|Picture: 2011 ISCB ASSA Winner,
Photo courtesy of European
Molecular Biology Laborator
If computational biology seems challenging in the second decade of the 21st century, spare a thought for those who pioneered the discipline in the 1980s. Michael Ashburner at the University of Cambridge was one of them. “His work is now seen as a landmark and an achievement in technology,” says Alfonso Valencia, chair of the ISCB awards committee.
Ashburner began his career with a degree in genetics from the University of Cambridge in 1964. He stayed on to do a PhD, studying Drosophila and, in particular, polytene chromosomes, which form when certain specialised cells undergo repeated rounds of DNA replication. Polytene chromosomes have a characteristic banded structure. In Drosophila there are some 5,000 bands and a subset of these undergo, during development, a reversible structural modification as the result of transcription; this is known as puffing and can be considered an analog of gene activity. In the late 1960s and early 1970s, Ashburner studied puffing patterns and inferred the existence of a cascade of genetic controls under the influence of the hormone ecdysone during larval development.

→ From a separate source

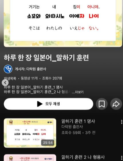 ・표지의 QR코드 스캔-동영상으로 들어가면 총 5시간 30분 분량의 말하기 훈련 영상을 볼 수 있다. 한글 음성도 함께 나오므로 그냥 틀어놓고 따라하기만 해도 저절로 일본어가 익혀진다.

In the late 1970s, Ashburner turned his attention to the study of the Alcohol dehydrogenase gene and its environs. By the mid-1980s, he had the most detailed analysis in full genetic terms of any small chromosome region of any multi-cellular organism, and had the Adh gene sequences from several different species of Drosophila. “That drew me into bioinformatics because we needed a way of comparing sequences,” he says. “There was almost no software available to help.”

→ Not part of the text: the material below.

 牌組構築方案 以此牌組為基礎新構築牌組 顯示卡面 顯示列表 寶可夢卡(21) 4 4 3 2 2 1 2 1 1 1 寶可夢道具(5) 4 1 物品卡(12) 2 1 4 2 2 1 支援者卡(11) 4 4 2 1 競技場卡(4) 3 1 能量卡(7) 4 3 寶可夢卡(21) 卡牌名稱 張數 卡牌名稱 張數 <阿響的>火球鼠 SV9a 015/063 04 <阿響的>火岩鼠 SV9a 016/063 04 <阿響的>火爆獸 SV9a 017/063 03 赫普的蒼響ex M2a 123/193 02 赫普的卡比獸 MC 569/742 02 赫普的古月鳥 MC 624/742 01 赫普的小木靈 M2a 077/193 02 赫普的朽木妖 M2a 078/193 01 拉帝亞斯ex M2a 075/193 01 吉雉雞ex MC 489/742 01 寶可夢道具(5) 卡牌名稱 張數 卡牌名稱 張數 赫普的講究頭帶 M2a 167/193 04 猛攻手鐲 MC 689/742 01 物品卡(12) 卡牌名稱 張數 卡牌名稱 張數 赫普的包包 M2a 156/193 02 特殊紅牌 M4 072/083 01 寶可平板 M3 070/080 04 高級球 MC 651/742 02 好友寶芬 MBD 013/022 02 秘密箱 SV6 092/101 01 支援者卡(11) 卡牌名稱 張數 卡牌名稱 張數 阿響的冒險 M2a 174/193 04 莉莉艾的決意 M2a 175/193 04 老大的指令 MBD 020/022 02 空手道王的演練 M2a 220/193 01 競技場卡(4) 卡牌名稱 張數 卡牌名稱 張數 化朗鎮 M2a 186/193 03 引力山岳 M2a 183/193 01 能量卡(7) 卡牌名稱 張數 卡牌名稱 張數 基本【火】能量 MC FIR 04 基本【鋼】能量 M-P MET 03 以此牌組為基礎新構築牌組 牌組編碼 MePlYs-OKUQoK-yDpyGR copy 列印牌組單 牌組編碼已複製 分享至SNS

Two people came to his aid. The first was Walter Bodmer, director of the Imperial Cancer Research Fund, who gave Ashburner the use of a DEC computer with access to the early network. “We could access this machine by dial-up and do some analysis,” he says. The second was Doug Brutlag at Stanford University, who was developing MOLGEN, an early bioinformatics system, which he allowed Ashburner to access.

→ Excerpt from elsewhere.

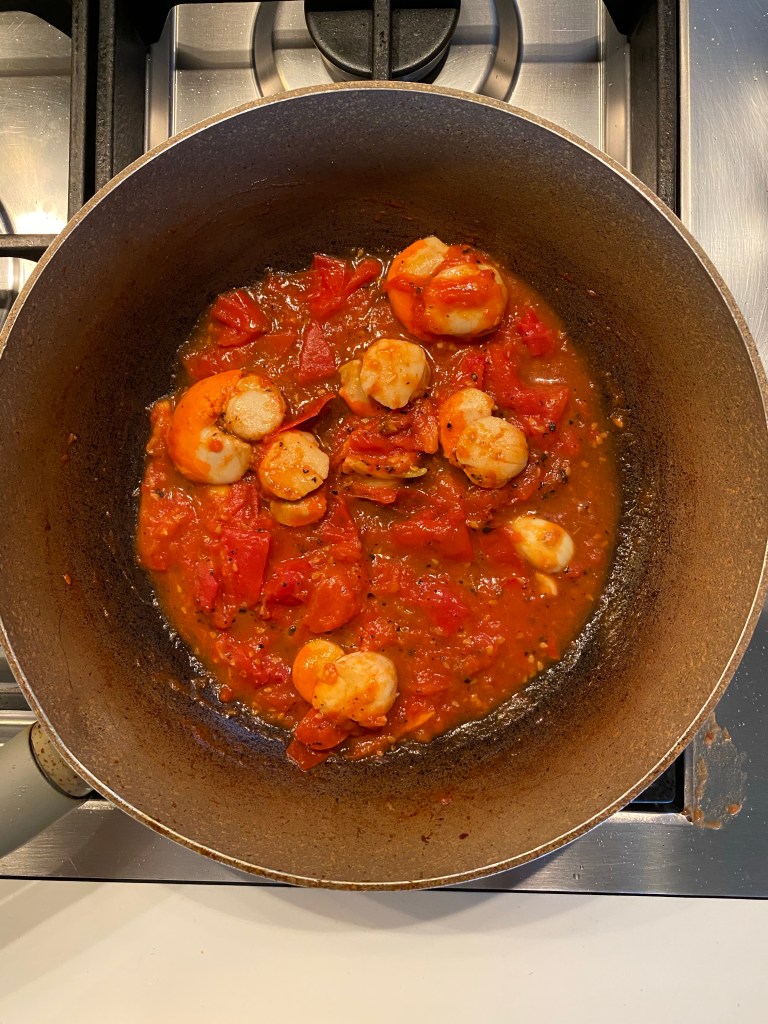 5.place all the pre cooked scallops and cook with tomatoes about 3-4 minutes.

That presented a significant obstacle, however. Getting a computer in the United Kingdom to speak to one in Stanford was not straightforward. Today, everybody uses the Internet, defined by the TCP/IP protocol. But in the early ‘80 s, the UK and United States used different systems. The US was pioneering TCP/IP while the UK had a standard called the Coloured Book protocols. “The only place that had an interface between the two protocols was University College, London, and they were very helpful,” says Ashburner, “giving us 5 kb of disk space.”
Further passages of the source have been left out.